# EXERCISE REQUIREMENTS:
Pictures are to be left out; every line from the one that holds "This exquisite Pendant" to the end of the data is to be retyped exactly.
Top of PROVIDED DATA
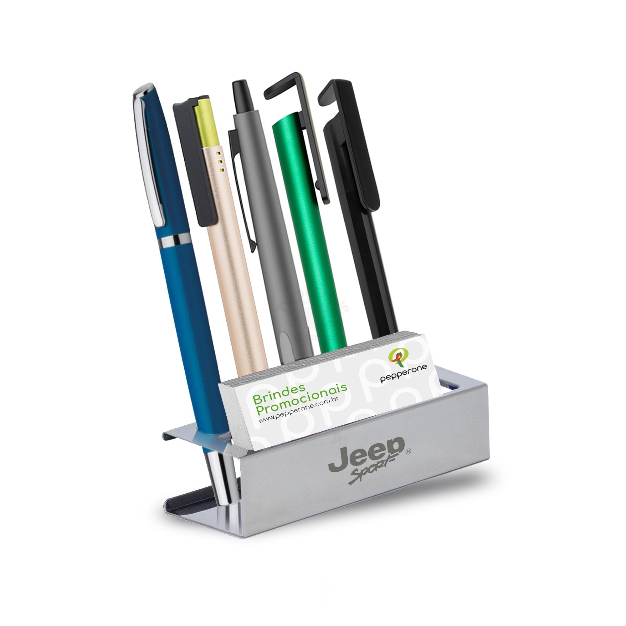 Porta caneta de metal personalizado produzido em metal com chapa de metal 0,64mm. Possui compartimento para 5 canetas e um porta cartões com capacidade para 50 cartões aproximadamente. Ideal para brindes promocionais e eventos corporativos. Imagem ilustrativa.
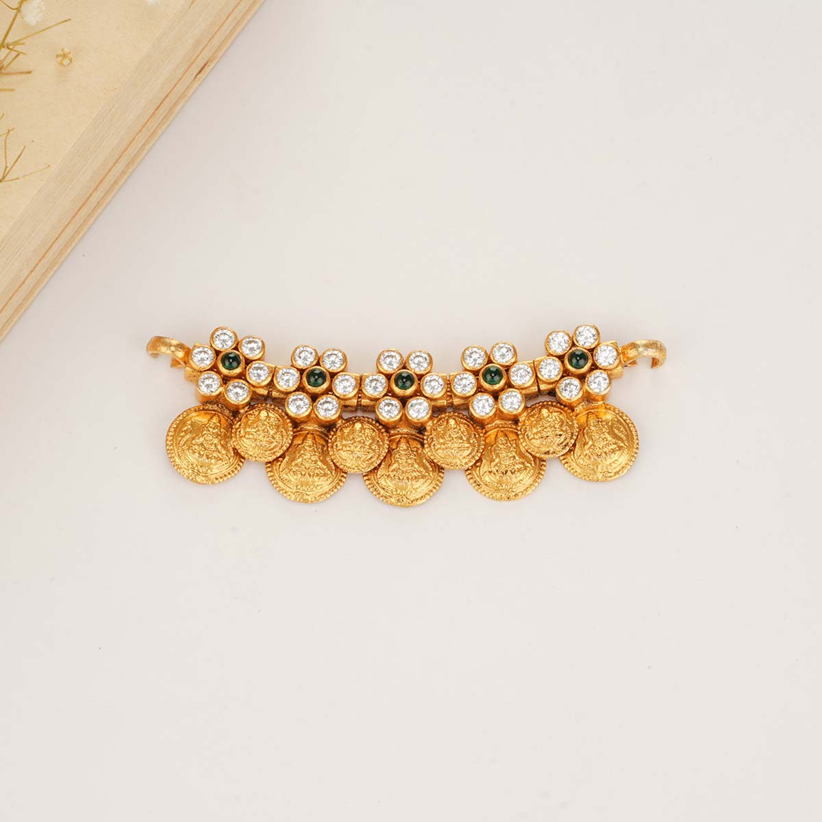 This exquisite Pendant with side hooks is crafted from 92.5 silver, adorned with a 22KT gold-plated pendant that gleams with sophistication.
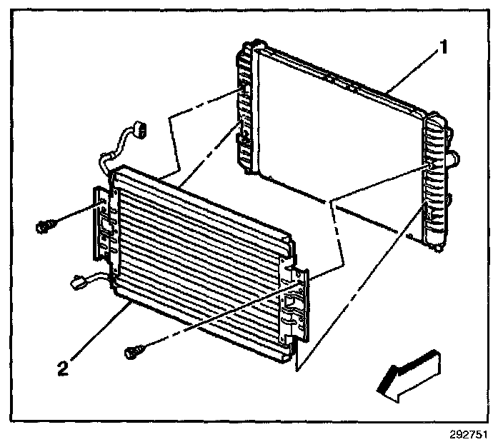 5. Remove the condenser (2) from the radiator (1).
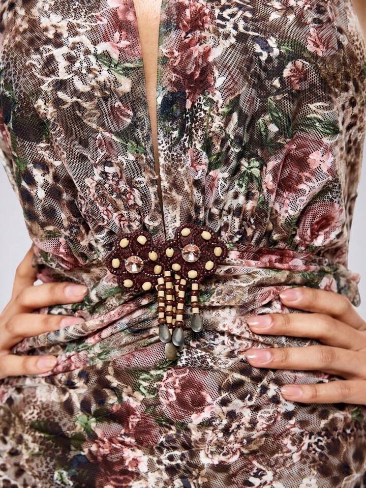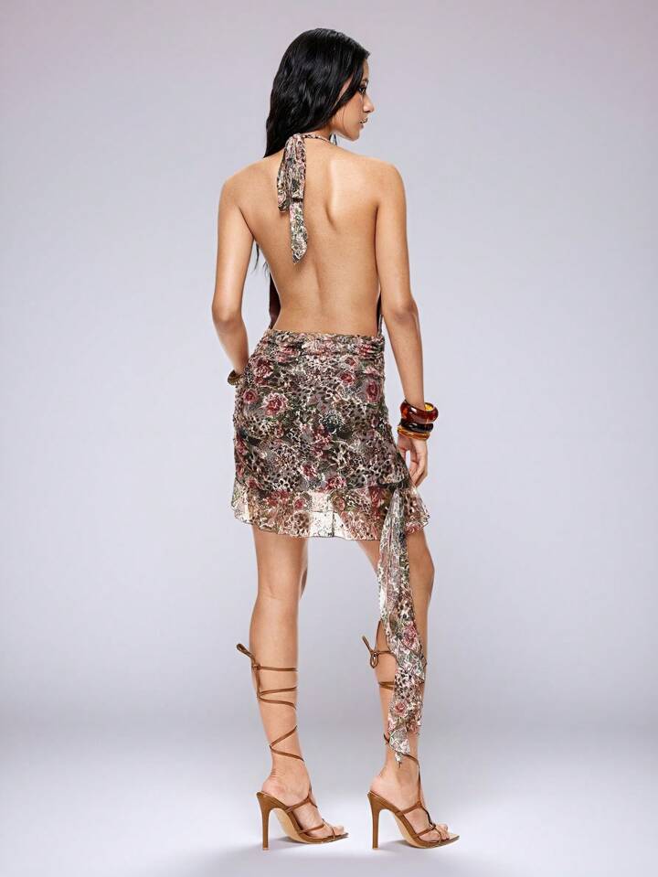 Grunge Punk Sommer Frauen Y2K wilde Mädchen Leopard Blumen Spitzen Muster Urlaub Neckholder V-Ausschnitt Mini Kleid
Bottom of PROVIDED DATA
# TASK RESULT:
 This exquisite Pendant with side hooks is crafted from 92.5 silver, adorned with a 22KT gold-plated pendant that gleams with sophistication.
 5. Remove the condenser (2) from the radiator (1).
 Grunge Punk Sommer Frauen Y2K wilde Mädchen Leopard Blumen Spitzen Muster Urlaub Neckholder V-Ausschnitt Mini Kleid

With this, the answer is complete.